Using the listing below, give again exactly the lines from the line with "また、癇癪が起こった際は、別" to the line with "Οι θυελλώδεις άνεμοι", inclusive, without the pictures.

[Opening RECORDS section]

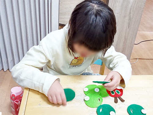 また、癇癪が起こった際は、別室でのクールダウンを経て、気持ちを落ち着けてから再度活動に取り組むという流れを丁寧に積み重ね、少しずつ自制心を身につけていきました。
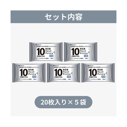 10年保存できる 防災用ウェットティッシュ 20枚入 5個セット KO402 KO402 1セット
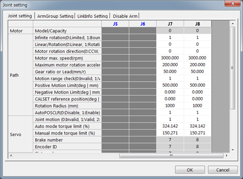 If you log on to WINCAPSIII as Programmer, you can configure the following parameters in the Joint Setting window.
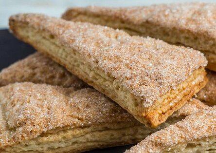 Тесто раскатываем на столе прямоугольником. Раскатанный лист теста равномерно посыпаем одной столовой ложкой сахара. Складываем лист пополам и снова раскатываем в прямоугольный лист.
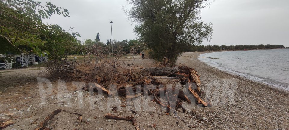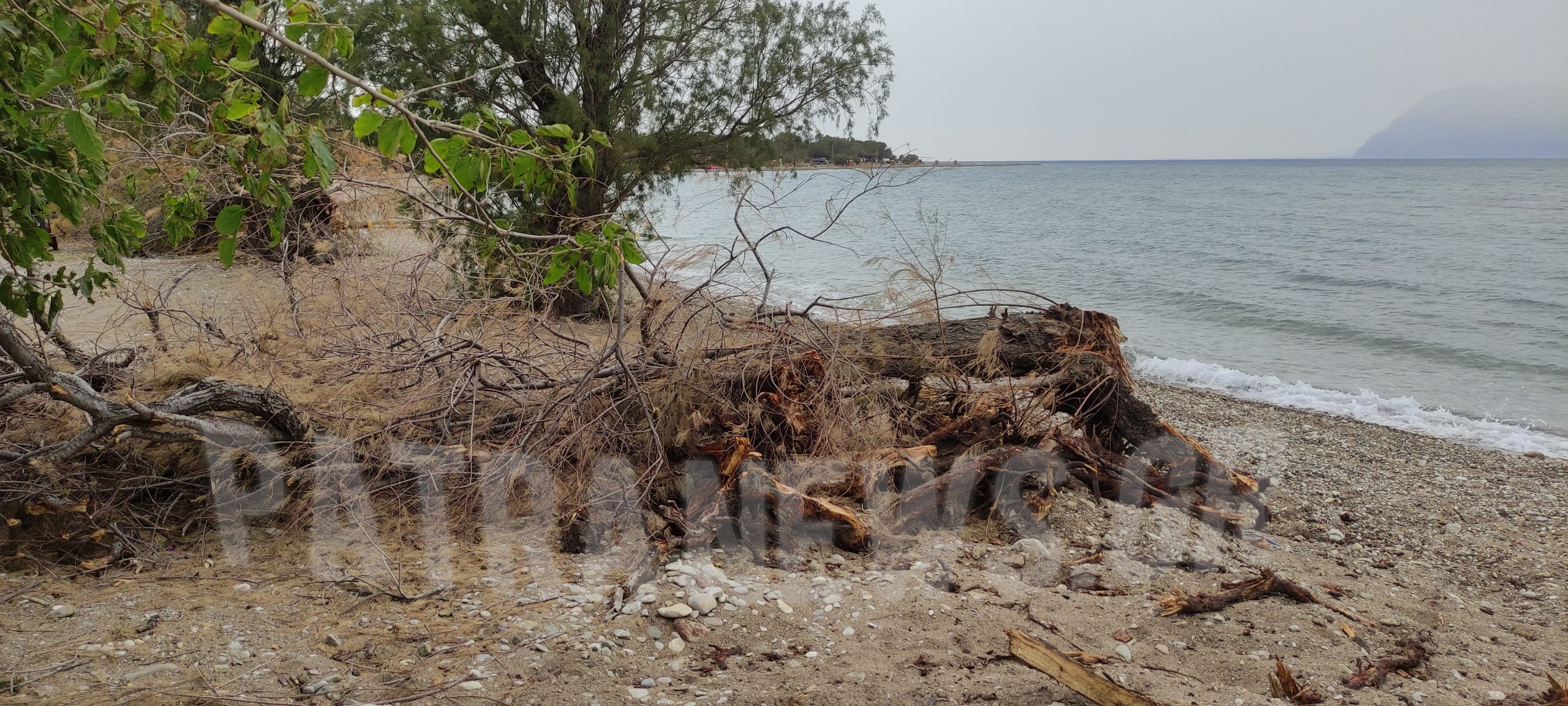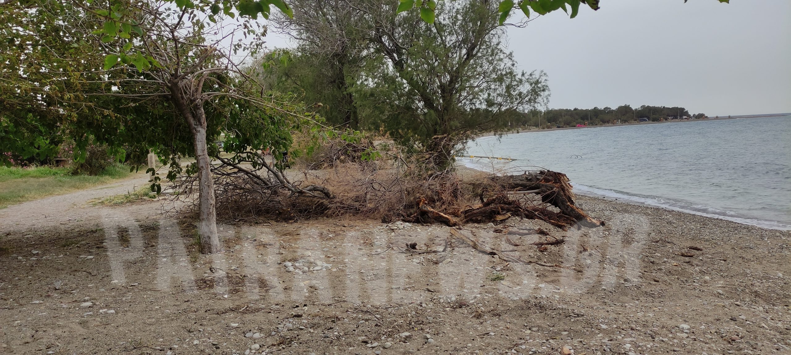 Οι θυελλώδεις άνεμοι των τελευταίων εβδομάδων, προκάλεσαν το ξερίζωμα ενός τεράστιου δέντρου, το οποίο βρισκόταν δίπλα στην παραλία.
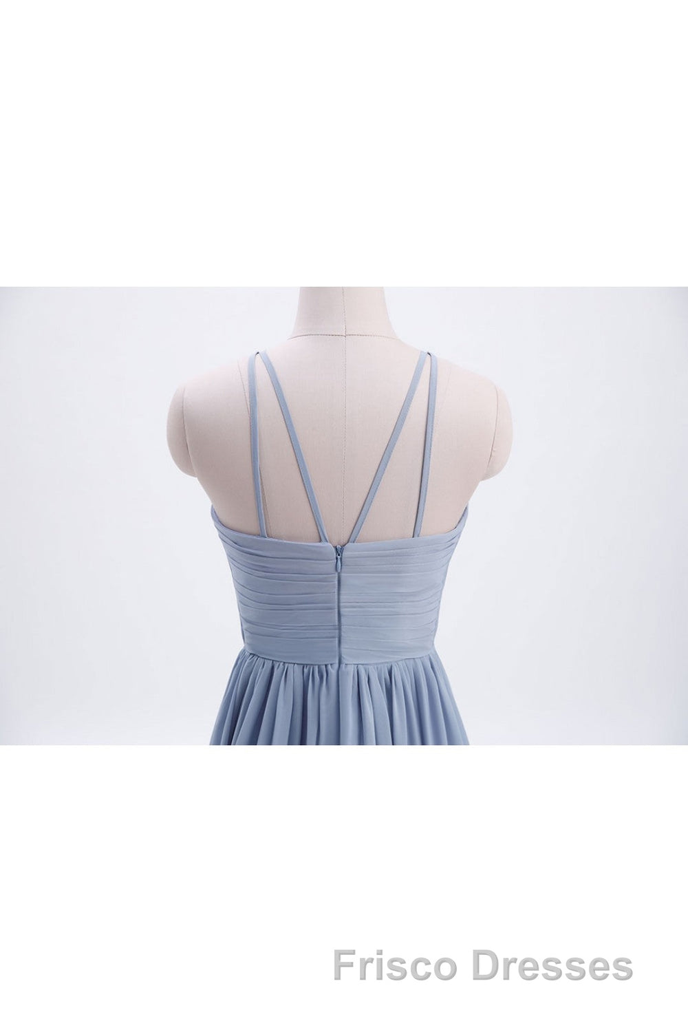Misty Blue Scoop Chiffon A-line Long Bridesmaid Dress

[Closing RECORDS section]
[Opening RECORDS section]

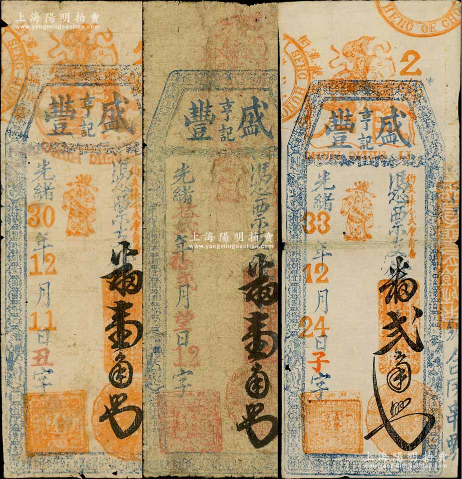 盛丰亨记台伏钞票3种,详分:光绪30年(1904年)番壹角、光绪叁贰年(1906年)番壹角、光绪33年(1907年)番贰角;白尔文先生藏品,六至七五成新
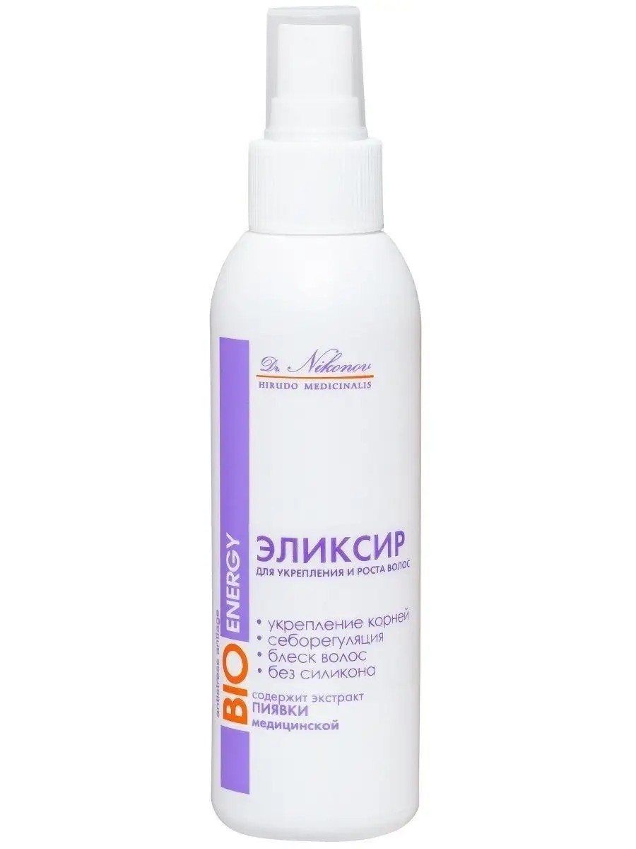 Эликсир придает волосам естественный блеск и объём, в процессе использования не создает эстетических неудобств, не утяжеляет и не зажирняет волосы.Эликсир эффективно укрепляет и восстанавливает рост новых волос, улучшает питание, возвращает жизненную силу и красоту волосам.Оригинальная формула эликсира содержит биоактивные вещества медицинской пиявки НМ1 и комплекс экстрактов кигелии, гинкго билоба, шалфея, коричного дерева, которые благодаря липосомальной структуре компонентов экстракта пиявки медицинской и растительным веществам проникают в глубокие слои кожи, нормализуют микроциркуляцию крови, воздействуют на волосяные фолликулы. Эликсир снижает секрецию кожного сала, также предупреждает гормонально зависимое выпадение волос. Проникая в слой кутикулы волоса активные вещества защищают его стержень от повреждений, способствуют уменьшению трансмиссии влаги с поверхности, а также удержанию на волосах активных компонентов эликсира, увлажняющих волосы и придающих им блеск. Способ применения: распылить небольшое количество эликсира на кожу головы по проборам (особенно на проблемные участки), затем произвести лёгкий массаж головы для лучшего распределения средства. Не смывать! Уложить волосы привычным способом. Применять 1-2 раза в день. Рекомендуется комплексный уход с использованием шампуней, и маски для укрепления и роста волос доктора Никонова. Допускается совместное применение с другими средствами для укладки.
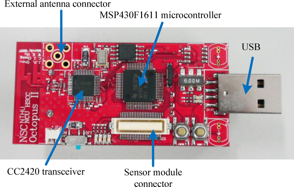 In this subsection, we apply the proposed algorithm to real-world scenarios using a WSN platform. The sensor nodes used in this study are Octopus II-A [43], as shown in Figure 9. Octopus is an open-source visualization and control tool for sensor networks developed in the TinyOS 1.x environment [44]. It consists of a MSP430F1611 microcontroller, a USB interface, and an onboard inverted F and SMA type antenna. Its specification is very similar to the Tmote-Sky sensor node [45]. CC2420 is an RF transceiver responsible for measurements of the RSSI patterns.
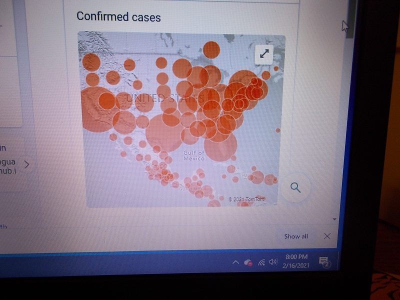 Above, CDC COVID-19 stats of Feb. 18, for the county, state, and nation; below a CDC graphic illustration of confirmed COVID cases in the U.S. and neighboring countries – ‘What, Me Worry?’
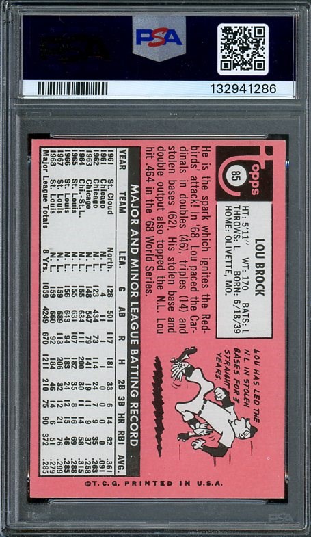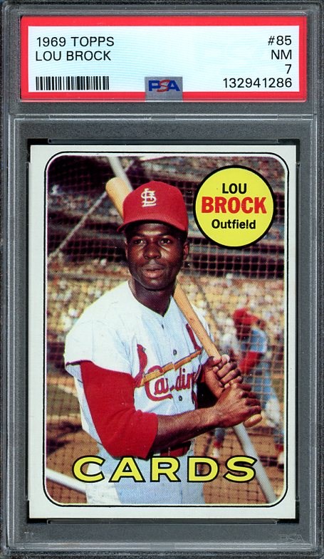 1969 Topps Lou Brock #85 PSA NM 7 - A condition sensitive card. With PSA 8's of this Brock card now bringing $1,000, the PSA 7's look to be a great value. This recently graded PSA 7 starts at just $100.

[Closing RECORDS section]

§ **ANSWER TO THIS TASK**:
 また、癇癪が起こった際は、別室でのクールダウンを経て、気持ちを落ち着けてから再度活動に取り組むという流れを丁寧に積み重ね、少しずつ自制心を身につけていきました。
 10年保存できる 防災用ウェットティッシュ 20枚入 5個セット KO402 KO402 1セット
 If you log on to WINCAPSIII as Programmer, you can configure the following parameters in the Joint Setting window.
 Тесто раскатываем на столе прямоугольником. Раскатанный лист теста равномерно посыпаем одной столовой ложкой сахара. Складываем лист пополам и снова раскатываем в прямоугольный лист.
 Οι θυελλώδεις άνεμοι των τελευταίων εβδομάδων, προκάλεσαν το ξερίζωμα ενός τεράστιου δέντρου, το οποίο βρισκόταν δίπλα στην παραλία.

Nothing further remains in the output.